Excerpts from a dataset
══════

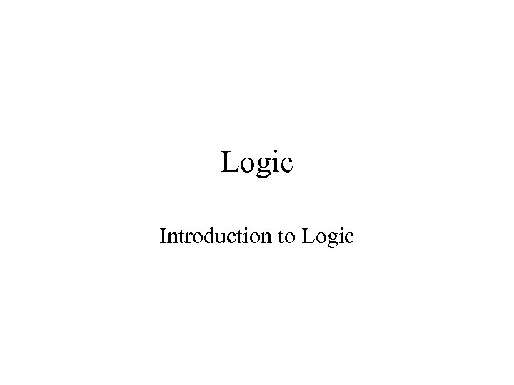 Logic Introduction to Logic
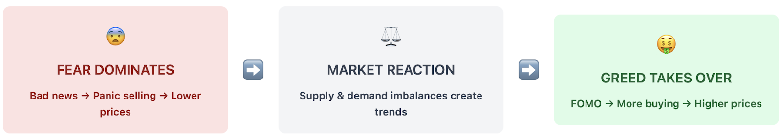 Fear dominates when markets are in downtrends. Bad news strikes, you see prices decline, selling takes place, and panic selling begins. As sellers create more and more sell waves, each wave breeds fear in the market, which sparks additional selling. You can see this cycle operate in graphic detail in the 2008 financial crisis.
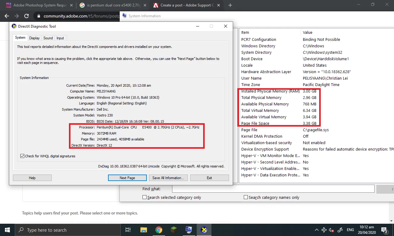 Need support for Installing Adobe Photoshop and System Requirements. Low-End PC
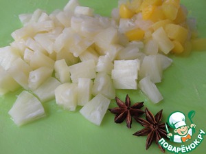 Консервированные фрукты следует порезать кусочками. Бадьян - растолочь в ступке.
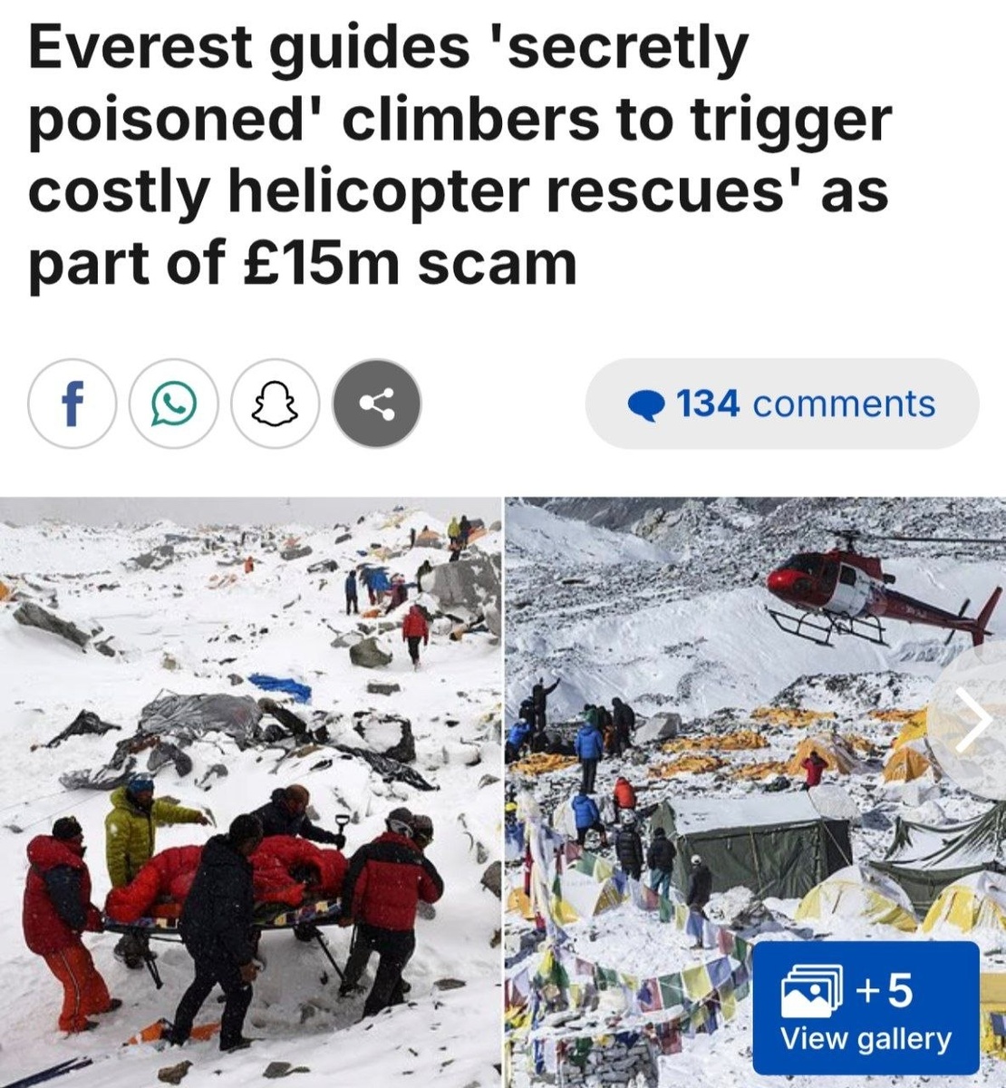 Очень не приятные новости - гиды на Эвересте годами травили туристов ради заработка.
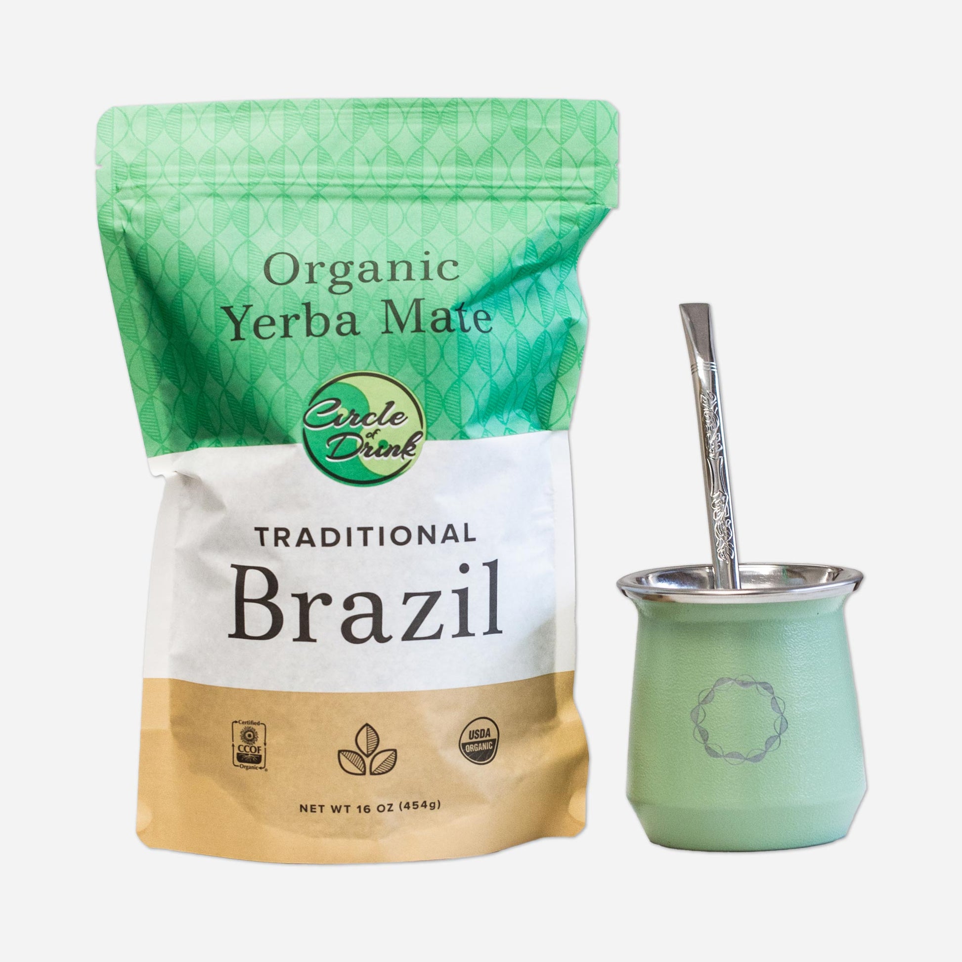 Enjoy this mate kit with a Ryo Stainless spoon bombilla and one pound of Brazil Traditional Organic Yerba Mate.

══════

= Work task =
Return exactly the line containing "Fear dominates when" and every line after it, up to and including the final line of the entries above. Pictures stay out.

= Task answer =
 Fear dominates when markets are in downtrends. Bad news strikes, you see prices decline, selling takes place, and panic selling begins. As sellers create more and more sell waves, each wave breeds fear in the market, which sparks additional selling. You can see this cycle operate in graphic detail in the 2008 financial crisis.
 Need support for Installing Adobe Photoshop and System Requirements. Low-End PC
 Консервированные фрукты следует порезать кусочками. Бадьян - растолочь в ступке.
 Очень не приятные новости - гиды на Эвересте годами травили туристов ради заработка.
 Enjoy this mate kit with a Ryo Stainless spoon bombilla and one pound of Brazil Traditional Organic Yerba Mate.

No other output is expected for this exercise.